» HOW TO COMPLETE THIS TASK:
The listing below has to be output exactly as given, less its pictures.

» DATASET CONTENT:
⁂

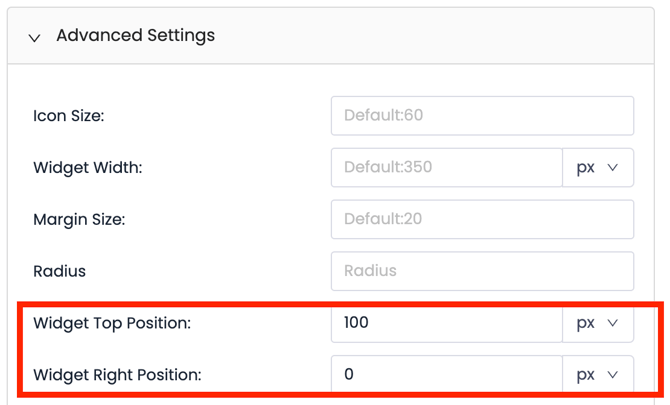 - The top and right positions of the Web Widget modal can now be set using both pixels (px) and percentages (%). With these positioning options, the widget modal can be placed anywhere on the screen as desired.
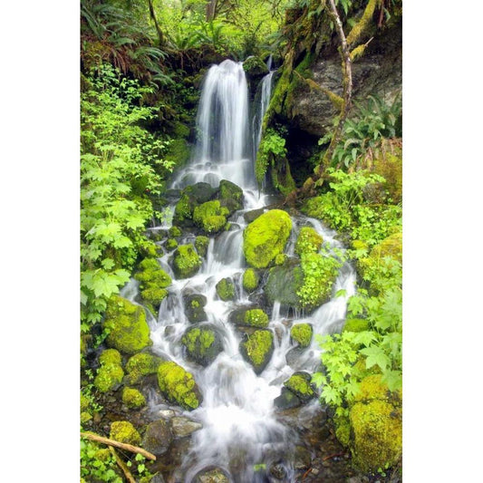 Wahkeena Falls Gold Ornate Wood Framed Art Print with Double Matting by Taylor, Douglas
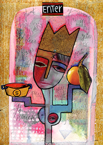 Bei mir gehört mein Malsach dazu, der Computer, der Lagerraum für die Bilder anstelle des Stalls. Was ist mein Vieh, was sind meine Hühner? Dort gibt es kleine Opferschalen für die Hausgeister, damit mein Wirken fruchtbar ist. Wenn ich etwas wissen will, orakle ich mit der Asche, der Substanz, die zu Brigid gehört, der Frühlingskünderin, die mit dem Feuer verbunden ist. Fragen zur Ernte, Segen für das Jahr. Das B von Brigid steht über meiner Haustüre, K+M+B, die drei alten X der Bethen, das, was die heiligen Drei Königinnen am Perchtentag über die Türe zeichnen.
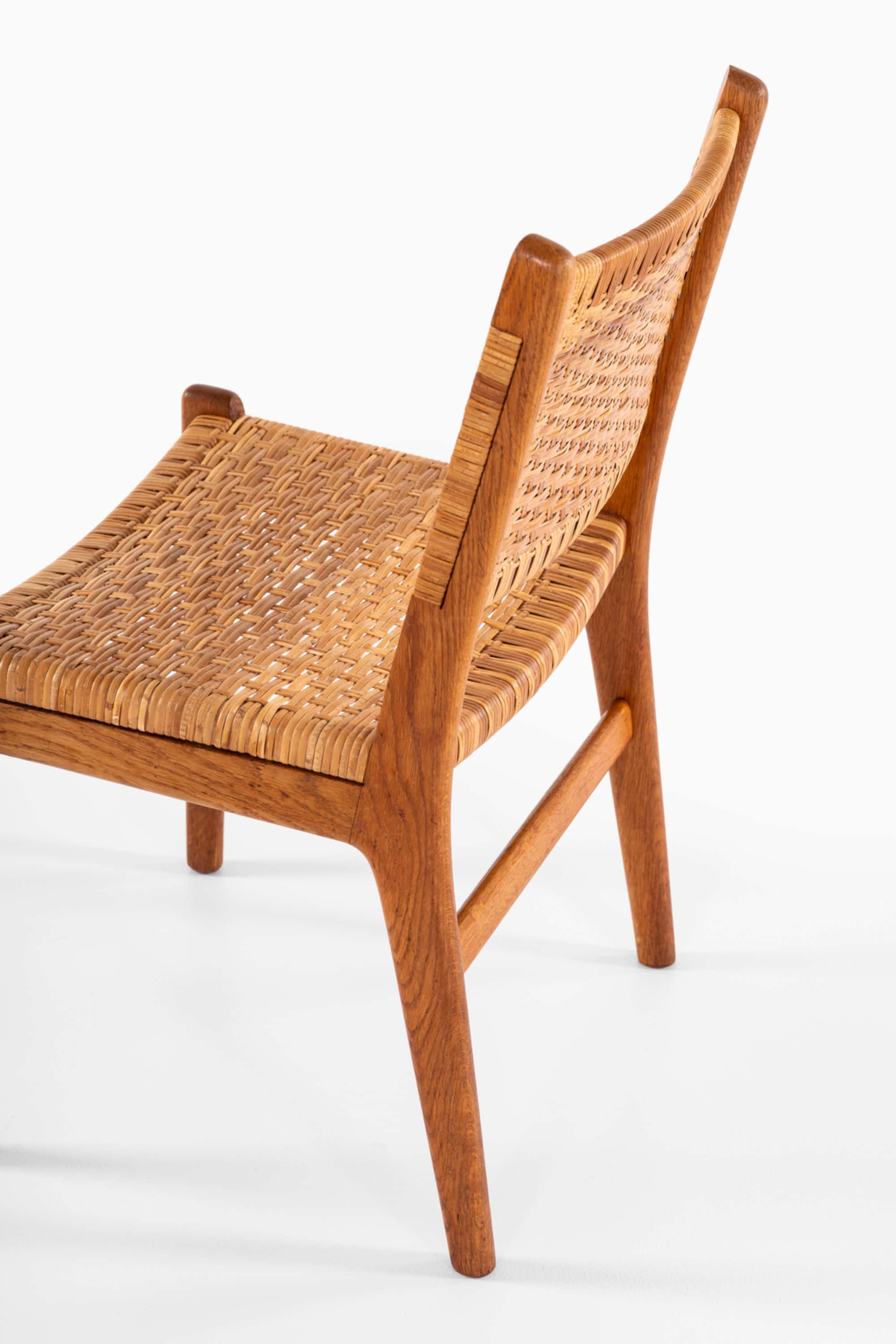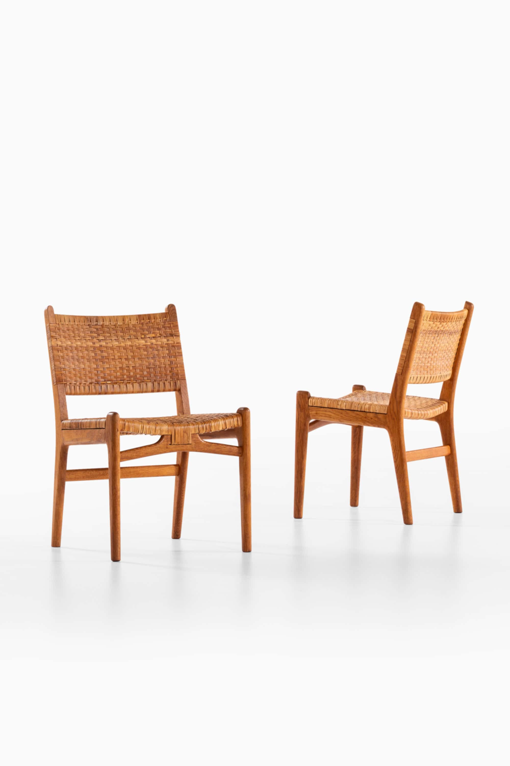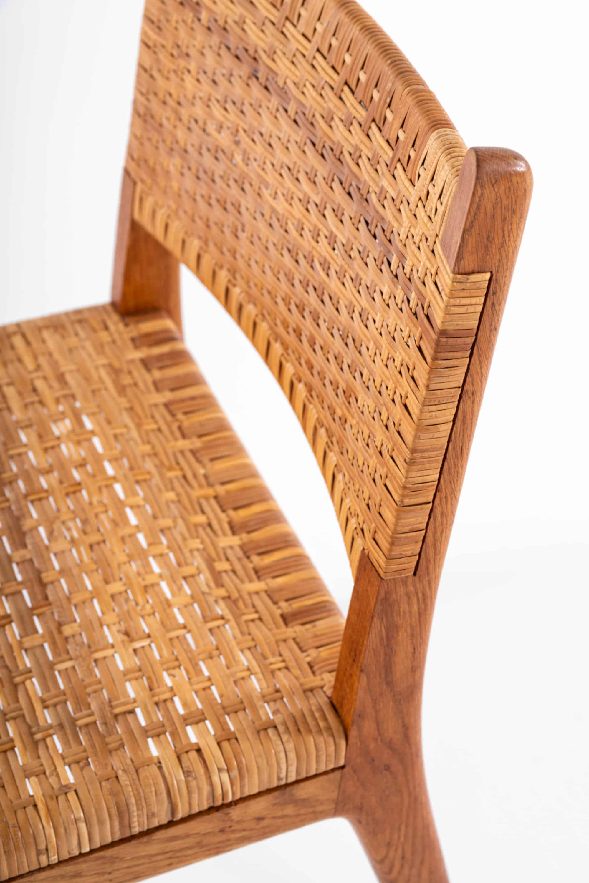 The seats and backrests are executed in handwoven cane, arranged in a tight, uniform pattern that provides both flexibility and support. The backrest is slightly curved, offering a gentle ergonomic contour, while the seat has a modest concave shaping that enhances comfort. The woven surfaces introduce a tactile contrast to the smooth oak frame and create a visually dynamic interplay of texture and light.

⁂

» SOLUTION FOR THIS TASK:
 - The top and right positions of the Web Widget modal can now be set using both pixels (px) and percentages (%). With these positioning options, the widget modal can be placed anywhere on the screen as desired.
 Wahkeena Falls Gold Ornate Wood Framed Art Print with Double Matting by Taylor, Douglas
 Bei mir gehört mein Malsach dazu, der Computer, der Lagerraum für die Bilder anstelle des Stalls. Was ist mein Vieh, was sind meine Hühner? Dort gibt es kleine Opferschalen für die Hausgeister, damit mein Wirken fruchtbar ist. Wenn ich etwas wissen will, orakle ich mit der Asche, der Substanz, die zu Brigid gehört, der Frühlingskünderin, die mit dem Feuer verbunden ist. Fragen zur Ernte, Segen für das Jahr. Das B von Brigid steht über meiner Haustüre, K+M+B, die drei alten X der Bethen, das, was die heiligen Drei Königinnen am Perchtentag über die Türe zeichnen.
 The seats and backrests are executed in handwoven cane, arranged in a tight, uniform pattern that provides both flexibility and support. The backrest is slightly curved, offering a gentle ergonomic contour, while the seat has a modest concave shaping that enhances comfort. The woven surfaces introduce a tactile contrast to the smooth oak frame and create a visually dynamic interplay of texture and light.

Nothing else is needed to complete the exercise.